Hot, busy, brilliant. Sea at twenty-four, twenty-five degrees. Long days, late dinners, the harbour full of boats. Proizd is crowded by eleven; Pupnatska Luka has its own traffic problem. The villa is its busiest week of the year and the pool earns its keep.

If you're coming in July: book the catamaran weeks ahead, book the popular konobas the day before, and embrace the early morning. The island before nine is yours; the island after eleven belongs to everyone.

August — the deepest month

Everything that's true in July is more so in August. Hotter, more crowded, more glorious. The bura wind sometimes blows for two days at a stretch and the sea goes lapis blue. The harvest of the early grapes starts in the second half of the month. The locals work all hours.

August is also when the village fiestas happen. If you find yourself near a square on the right evening, stay. Eat what they hand you, drink what they pour, dance badly. It's the most authentic possible night out and you didn't plan a moment of it.
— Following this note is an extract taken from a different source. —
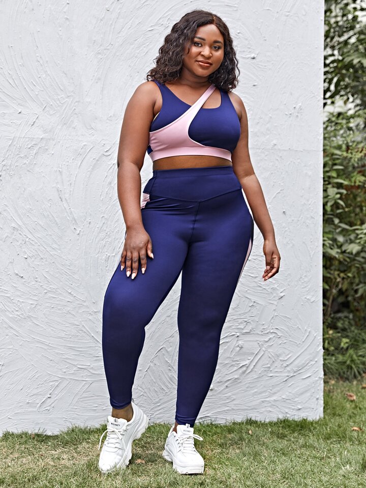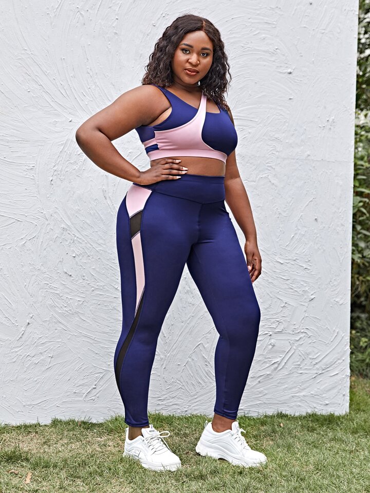 Zweifarbiger Sports BH & Leggings mit Netzstoff Einsatz

September — the second perfect month

If June is the first perfect month, September is the second, and possibly the better of the two. The sea is at its warmest of the year. The crowds thin out after the first week. Light goes longer and softer, and the photographs you take in September will be the ones you frame.

Restaurants start having time again. Producers in Smokvica will sit down with you. The pool is at its peak temperature. The whole island exhales.

October — harvest and weather

Olive harvest starts at the end of the month. The mills run day and night, the air around Blato and Smokvica smells of crushed olives, and you can taste this year's oil straight off the press. The sea is still around twenty degrees in early October, dropping by the end.

Weather becomes unpredictable. A still, hot week is one of the most beautiful experiences the island offers. A windy week with rain is a different holiday — long lunches indoors, candles, a book, the sea grey through the windows. Both are good, in their own way; the second is for guests who'll appreciate the quiet.

November to March — winter

Most konobas close. The catamaran from Split runs less often. The locals get their island back. There's a particular beauty in Korčula in winter — empty stone, slate-grey sea, long dinners around a fire — but it's a different proposition from the summer island and not really what Villa Belveder is built for.

So when should you come?

If you want the perfect classic week and don't mind crowds: late June or early July.

If you want warm sea and a quieter island: the first three weeks of September.

If you want the island closest to empty and you don't mind a cool swim: late May or early October.

If you want the most alive, loudest, most you-only-live-once version of the island: the middle two weeks of August.

Whichever you choose, give it at least a week. Anything shorter and you'll spend the first three days putting your work-brain down, and the last day already missing the place.